This time, Nvidia is transferring that financial exposure directly to its customers. In rare cases, buyers can substitute commercial insurance or asset collateral for cash, but the core message is clear: if you want access to the most powerful AI chips available, you’re betting your capital that Beijing will approve the purchase.

Why Chinese Buyers Are Taking the Risk

The demand is rooted in performance. Nvidia’s H200 delivers nearly six times the performance of the previously available H20 chip, which China has now banned. While domestic alternatives like Huawei’s Ascend 910C exist, they still lag behind Nvidia’s hardware for training cutting-edge AI models. For Chinese tech giants building competitive AI systems, the H200 represents a significant technological leap—one worth the financial gamble.

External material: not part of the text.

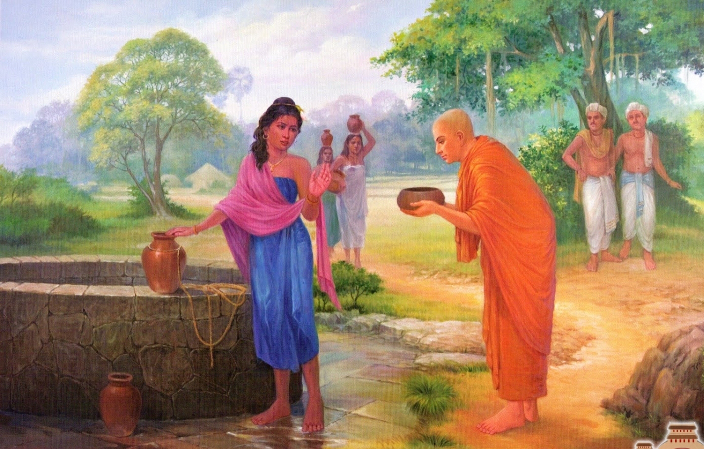 - Thưa cô! Người Sa-môn đốì với mọi người đều bình đẳng, không phân biệt sang hèn, giai cấp, cô đừng ngại, xin hoan hỷ cho tôi bát nước!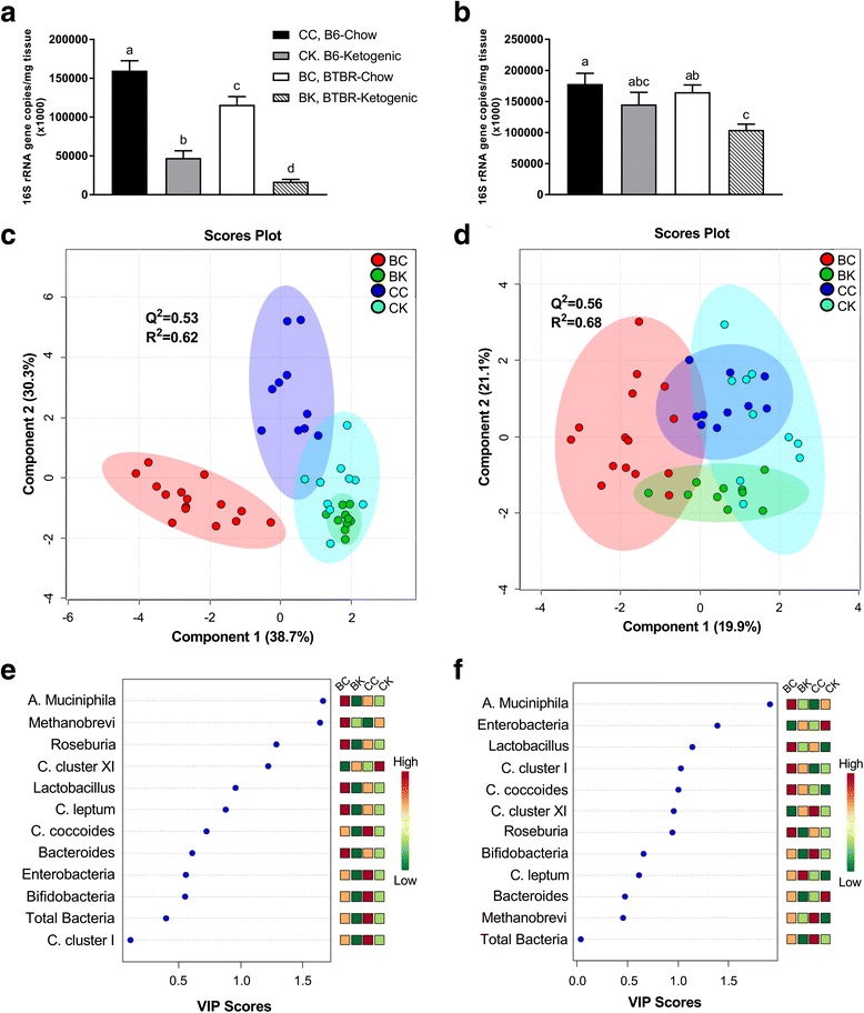Assessment of total microbial content, partial least squares discriminant analysis (PLS-DA), and variable importance of projection (VIP) scores for relative bacterial abundance. Descriptive comparisons of total microbial content, score plots of PLS-DA, and VIP scores for both cecal and fecal matter are presented. a Total bacterial species composition measured from cecal matter. b Total bacterial species composition measured from fecal matter. c PLS-DA score plot for cecal matter showing model discrimination between each genotype. d PLS-DA score plot for fecal matter showing model discrimination between each genotype. e Cecal VIP plot indicating the most discriminating bacteria in descending order of importance. f Fecal VIP plot indicating the most discriminating bacteria in descending order of importance. Statistical comparisons between genotype and diet were determined by ANOVA, followed by Tukey’s post hoc test. PLS-DA and VIP scores were assessed using MetaboAnalyst 3.0. Ellipses represent 95 % confidence intervals for each individual group on PLS-DA plots with Q2 and R2 values being used to assess the robustness of the model and the amount of variation represented by the principal components, respectively. VIP scores reflect the degree of importance of a bacteria, with values >1.0 seen as driving the calculated discrimination. All data were collected using qRT-PCR and are presented as mean 16S rRNA gene copies/mg of corresponding tissue ± SEM (CC, B6-chow; CK, B6-ketogenic; BC, BTBR-chow; and BK, BTBR-ketogenic; n = 11, 10, 15, and 10, respectively). p < 0.01 if values do not share a superscript letter. An adapted version of this table has been previously published. Reprinted with permission of the American Chemical Society, Copyright 2016

But there’s another complication. Beijing has recently asked some Chinese tech companies to temporarily pause their H200 chip orders as regulators decide how many domestically produced chips each customer will need to buy alongside each H200 order. That means even if buyers pay upfront and Beijing approves the shipments, companies may still be required to purchase additional domestic chips as a condition of receiving their Nvidia hardware.

Supply Meets Demand—Eventually

Nvidia currently has only 700,000 H200 chips in stock, meaning demand outstrips available inventory by roughly 3-to-1. To bridge the gap, the company has approached Taiwan Semiconductor Manufacturing Co. about ramping up H200 production, with additional manufacturing expected to begin in the second quarter of 2026.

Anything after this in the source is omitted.